-- Source material follows --
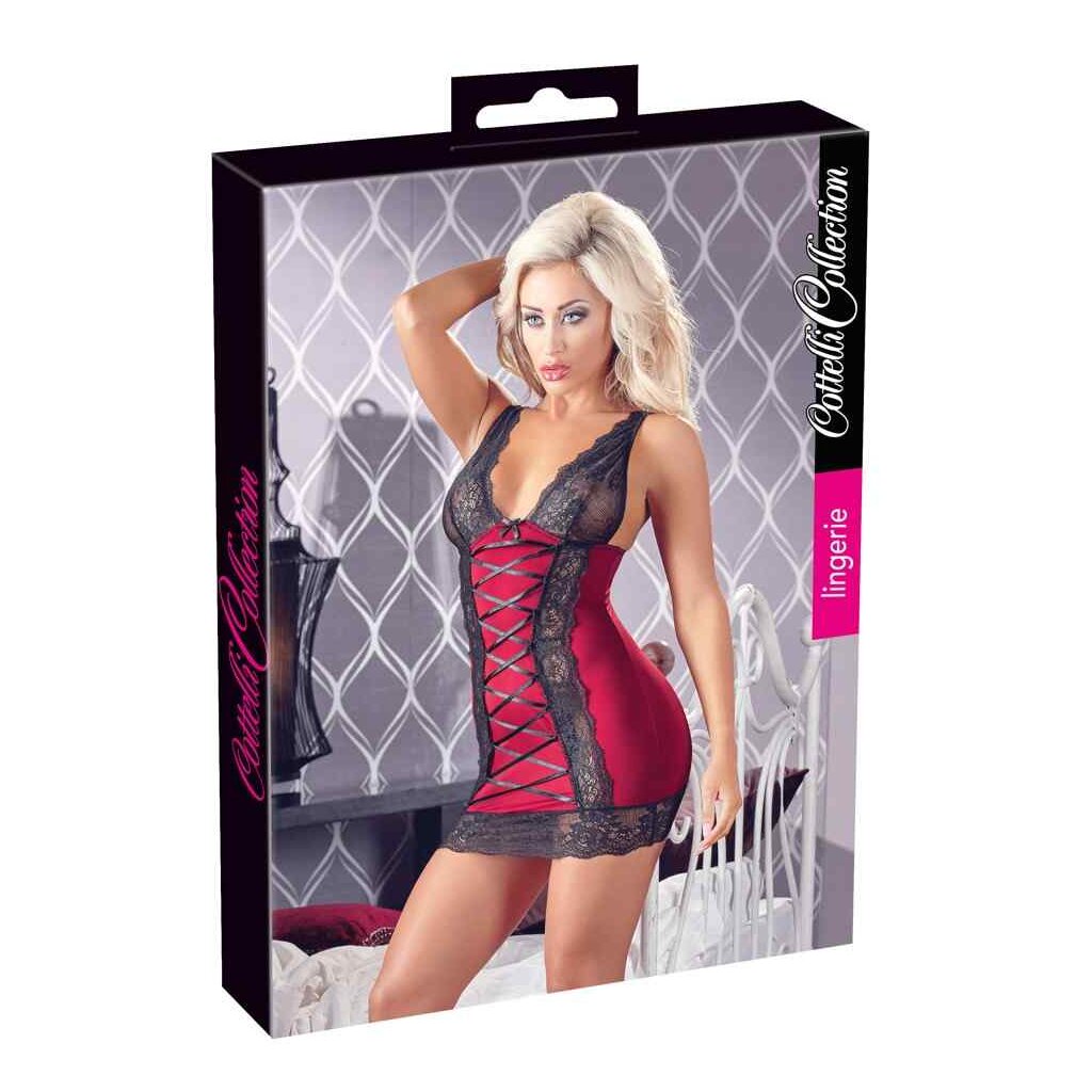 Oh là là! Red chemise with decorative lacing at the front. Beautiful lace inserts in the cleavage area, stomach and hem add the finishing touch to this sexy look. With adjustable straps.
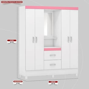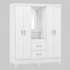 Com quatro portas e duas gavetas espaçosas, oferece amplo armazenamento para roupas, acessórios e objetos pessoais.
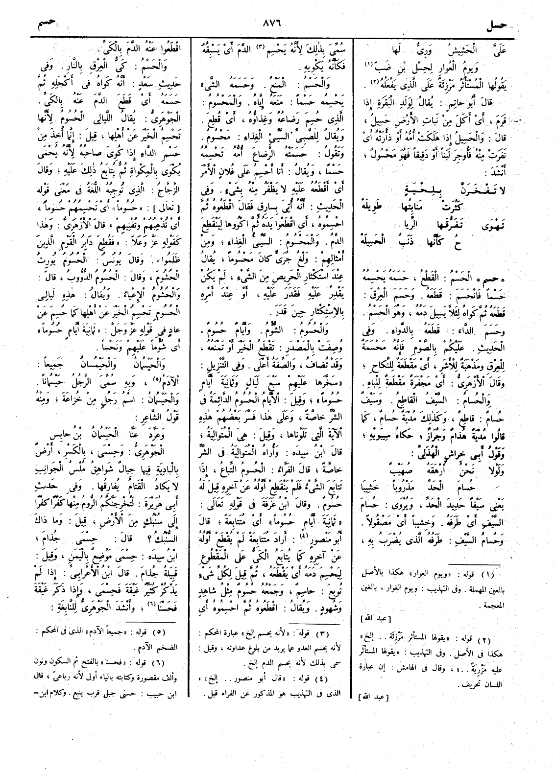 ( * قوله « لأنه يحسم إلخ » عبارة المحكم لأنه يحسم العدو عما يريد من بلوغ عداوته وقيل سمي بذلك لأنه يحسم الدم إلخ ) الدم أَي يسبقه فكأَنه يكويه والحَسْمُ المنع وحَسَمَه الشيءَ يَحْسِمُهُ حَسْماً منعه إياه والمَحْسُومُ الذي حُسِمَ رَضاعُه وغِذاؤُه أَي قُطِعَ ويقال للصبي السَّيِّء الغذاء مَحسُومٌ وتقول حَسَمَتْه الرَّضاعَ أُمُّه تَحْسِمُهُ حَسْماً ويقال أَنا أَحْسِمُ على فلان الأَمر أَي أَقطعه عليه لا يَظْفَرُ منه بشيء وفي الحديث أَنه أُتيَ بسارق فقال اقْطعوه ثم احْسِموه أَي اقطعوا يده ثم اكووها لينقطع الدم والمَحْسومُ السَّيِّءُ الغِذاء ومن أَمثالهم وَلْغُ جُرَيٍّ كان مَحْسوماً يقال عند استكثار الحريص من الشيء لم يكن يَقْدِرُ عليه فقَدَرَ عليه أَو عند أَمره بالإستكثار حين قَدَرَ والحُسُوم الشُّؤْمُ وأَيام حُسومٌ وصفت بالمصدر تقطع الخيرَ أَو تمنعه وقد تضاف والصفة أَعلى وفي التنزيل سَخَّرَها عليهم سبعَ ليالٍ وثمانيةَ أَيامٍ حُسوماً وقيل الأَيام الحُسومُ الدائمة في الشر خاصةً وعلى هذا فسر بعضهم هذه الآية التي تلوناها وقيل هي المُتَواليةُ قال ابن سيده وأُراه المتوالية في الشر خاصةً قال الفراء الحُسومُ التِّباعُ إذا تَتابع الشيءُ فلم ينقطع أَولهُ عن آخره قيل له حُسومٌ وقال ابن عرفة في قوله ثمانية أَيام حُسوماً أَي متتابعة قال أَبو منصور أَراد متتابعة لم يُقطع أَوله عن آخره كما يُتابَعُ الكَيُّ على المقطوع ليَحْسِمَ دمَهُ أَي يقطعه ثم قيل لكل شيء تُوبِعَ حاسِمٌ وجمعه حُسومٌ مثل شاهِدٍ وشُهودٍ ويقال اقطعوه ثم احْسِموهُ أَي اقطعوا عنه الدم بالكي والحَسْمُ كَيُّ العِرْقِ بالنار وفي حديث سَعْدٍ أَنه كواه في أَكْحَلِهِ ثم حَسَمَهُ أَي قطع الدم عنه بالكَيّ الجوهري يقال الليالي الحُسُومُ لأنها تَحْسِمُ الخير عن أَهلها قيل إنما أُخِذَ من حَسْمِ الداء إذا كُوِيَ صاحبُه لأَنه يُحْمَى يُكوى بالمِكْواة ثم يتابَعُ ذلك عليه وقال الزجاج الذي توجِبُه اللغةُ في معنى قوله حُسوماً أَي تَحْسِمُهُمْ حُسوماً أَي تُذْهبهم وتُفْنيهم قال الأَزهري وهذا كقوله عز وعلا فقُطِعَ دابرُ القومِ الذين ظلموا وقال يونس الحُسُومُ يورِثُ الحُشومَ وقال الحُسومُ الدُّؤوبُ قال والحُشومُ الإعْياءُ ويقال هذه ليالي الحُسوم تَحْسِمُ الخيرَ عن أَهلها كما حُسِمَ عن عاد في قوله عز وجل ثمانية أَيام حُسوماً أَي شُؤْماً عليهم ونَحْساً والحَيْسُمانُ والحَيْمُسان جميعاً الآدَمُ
-- Source material concluded --
Assignment =>
What is needed is a word-for-word copy of the lines from the start of the data to the line with "Com quatro portas", inclusive, with no pictures in it.

Written answer =>
 Oh là là! Red chemise with decorative lacing at the front. Beautiful lace inserts in the cleavage area, stomach and hem add the finishing touch to this sexy look. With adjustable straps.
 Com quatro portas e duas gavetas espaçosas, oferece amplo armazenamento para roupas, acessórios e objetos pessoais.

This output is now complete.